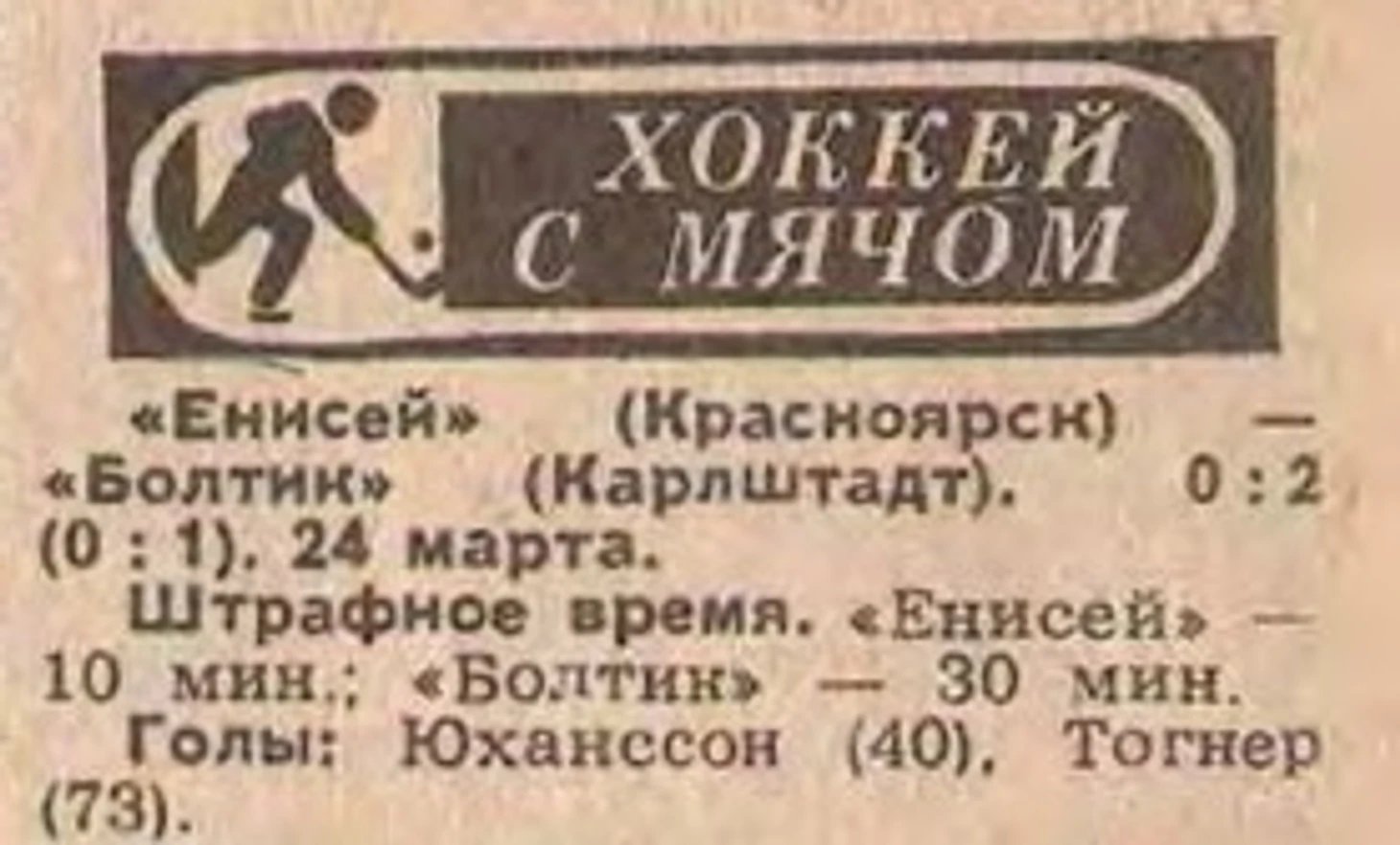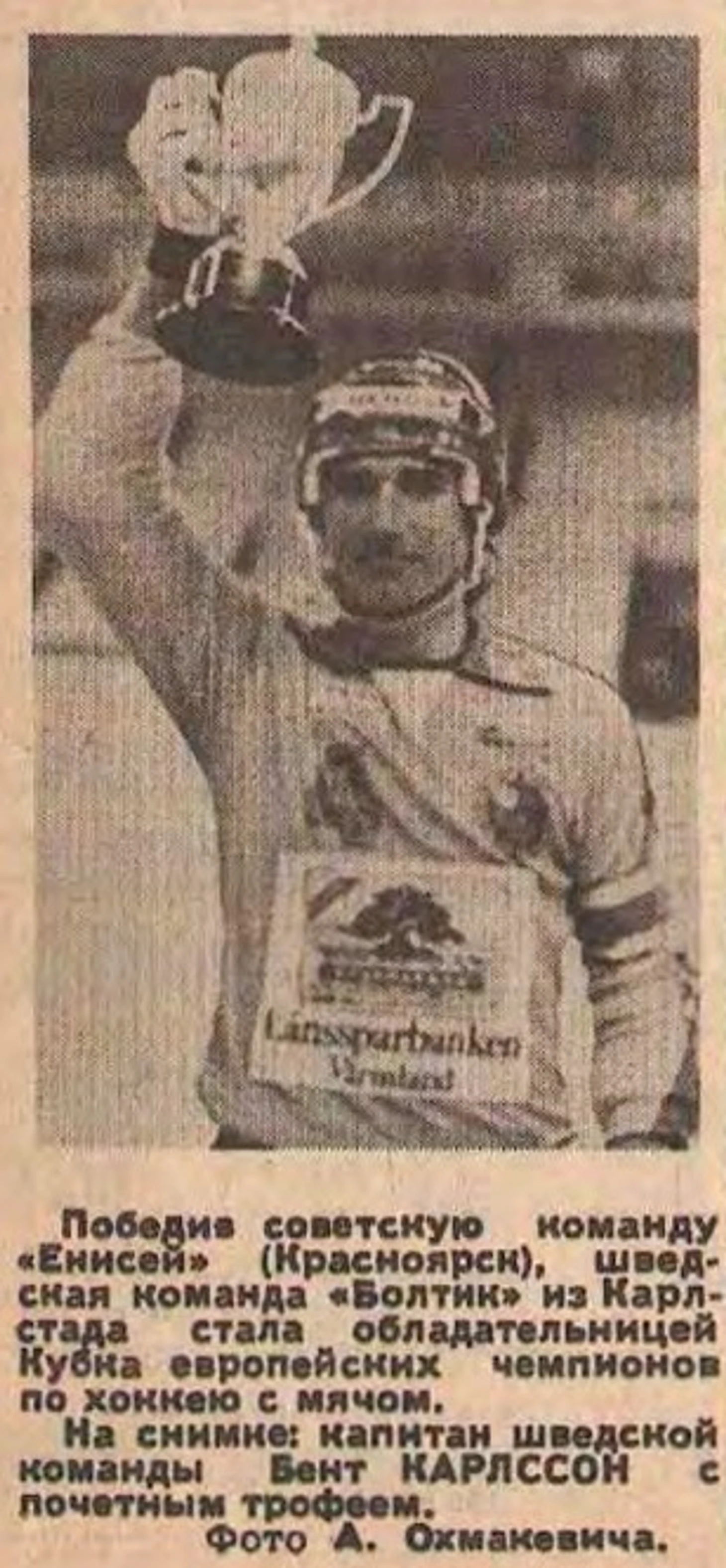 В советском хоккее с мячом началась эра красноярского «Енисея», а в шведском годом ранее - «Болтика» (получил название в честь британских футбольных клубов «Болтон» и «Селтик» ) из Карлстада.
==
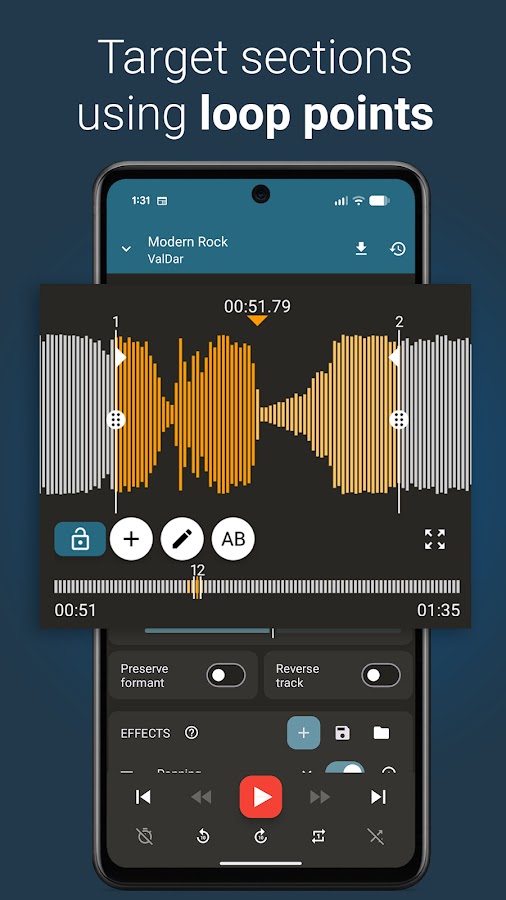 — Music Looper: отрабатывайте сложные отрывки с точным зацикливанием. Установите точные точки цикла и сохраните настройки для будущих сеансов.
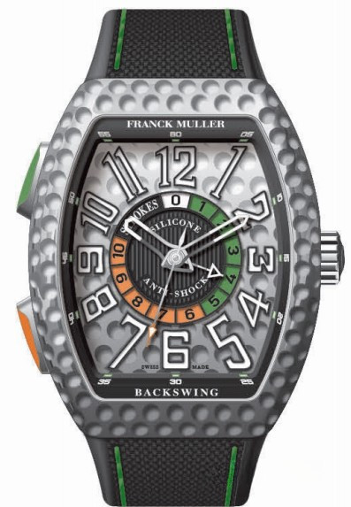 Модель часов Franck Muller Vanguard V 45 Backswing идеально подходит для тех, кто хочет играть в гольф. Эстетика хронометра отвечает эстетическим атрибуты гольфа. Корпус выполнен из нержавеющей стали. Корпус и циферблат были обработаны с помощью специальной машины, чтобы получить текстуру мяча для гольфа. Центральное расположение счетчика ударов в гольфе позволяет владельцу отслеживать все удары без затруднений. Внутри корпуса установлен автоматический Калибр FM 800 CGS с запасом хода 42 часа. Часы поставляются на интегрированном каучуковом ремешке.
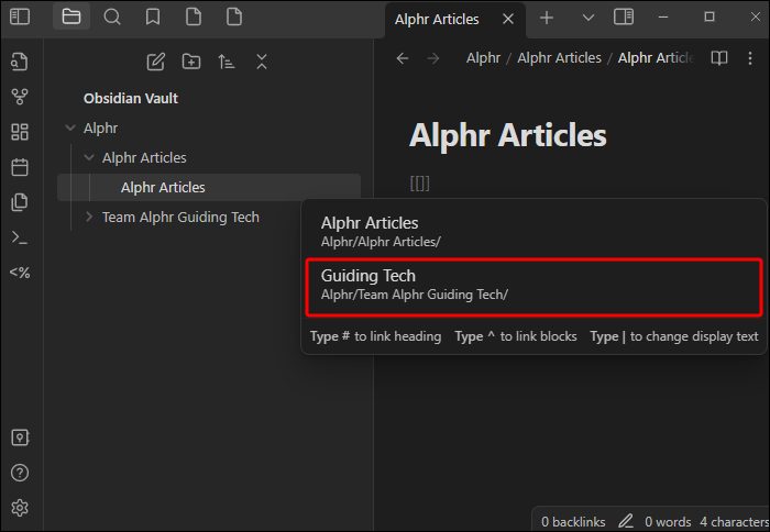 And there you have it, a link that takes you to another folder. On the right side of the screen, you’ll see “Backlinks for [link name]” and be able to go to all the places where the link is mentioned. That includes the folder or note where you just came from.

_Problem_: Extract from the material above the stretch running from the line containing "для будущих сеансов." through the line containing "Модель часов Franck Muller". Keep the text exact and the pictures out.

_Reply_:
 — Music Looper: отрабатывайте сложные отрывки с точным зацикливанием. Установите точные точки цикла и сохраните настройки для будущих сеансов.
 Модель часов Franck Muller Vanguard V 45 Backswing идеально подходит для тех, кто хочет играть в гольф. Эстетика хронометра отвечает эстетическим атрибуты гольфа. Корпус выполнен из нержавеющей стали. Корпус и циферблат были обработаны с помощью специальной машины, чтобы получить текстуру мяча для гольфа. Центральное расположение счетчика ударов в гольфе позволяет владельцу отслеживать все удары без затруднений. Внутри корпуса установлен автоматический Калибр FM 800 CGS с запасом хода 42 часа. Часы поставляются на интегрированном каучуковом ремешке.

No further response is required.